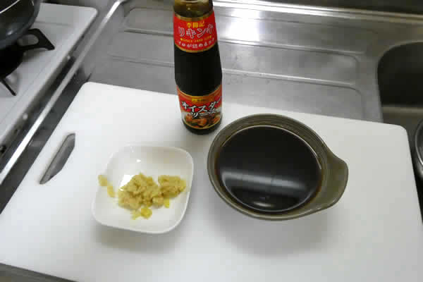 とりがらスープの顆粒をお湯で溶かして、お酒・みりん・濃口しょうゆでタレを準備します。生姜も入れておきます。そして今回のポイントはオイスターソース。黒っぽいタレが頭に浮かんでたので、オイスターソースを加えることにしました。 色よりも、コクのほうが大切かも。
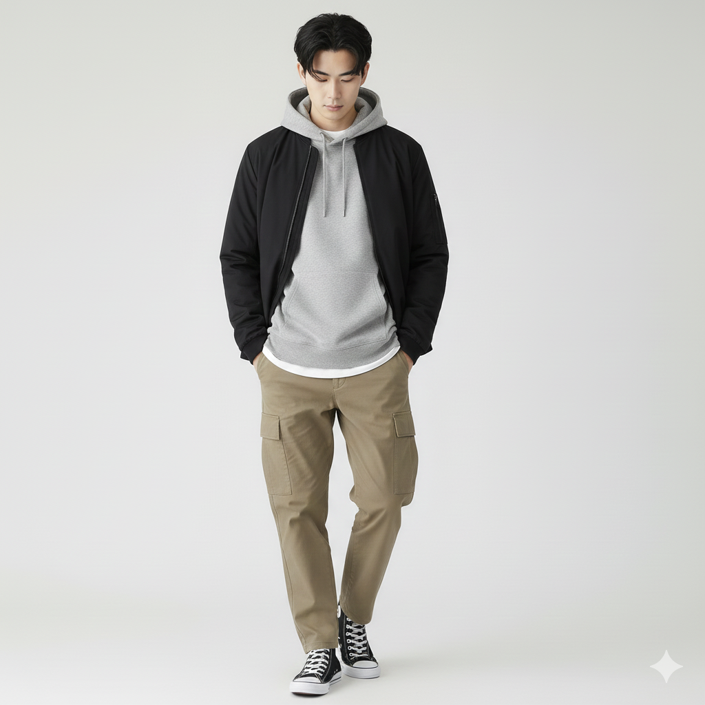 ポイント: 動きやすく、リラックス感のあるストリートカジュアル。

_____

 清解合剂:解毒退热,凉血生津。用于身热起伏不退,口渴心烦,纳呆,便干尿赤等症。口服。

_____

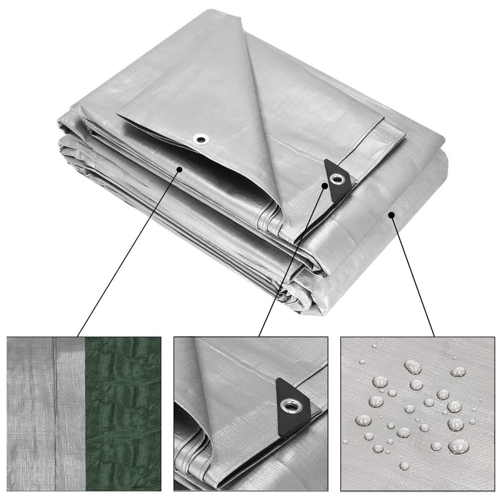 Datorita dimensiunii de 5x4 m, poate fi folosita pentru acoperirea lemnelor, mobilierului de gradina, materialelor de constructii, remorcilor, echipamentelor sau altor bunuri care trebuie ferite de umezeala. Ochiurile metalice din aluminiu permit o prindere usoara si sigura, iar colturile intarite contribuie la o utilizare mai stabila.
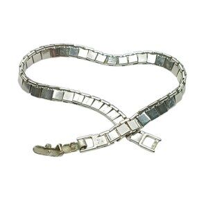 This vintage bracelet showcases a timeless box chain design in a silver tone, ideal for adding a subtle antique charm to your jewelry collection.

_____

- [PROBLEM STATEMENT]: Look back at the data above, then output exactly the lines from the line holding "とりがらスープの顆粒をお湯で" up to and including the line holding "ポイント: 動きやすく、リラックス感のあるストリートカジュアル。". Leave out the pictures.

- [ANSWER BOX]:
 とりがらスープの顆粒をお湯で溶かして、お酒・みりん・濃口しょうゆでタレを準備します。生姜も入れておきます。そして今回のポイントはオイスターソース。黒っぽいタレが頭に浮かんでたので、オイスターソースを加えることにしました。 色よりも、コクのほうが大切かも。
 ポイント: 動きやすく、リラックス感のあるストリートカジュアル。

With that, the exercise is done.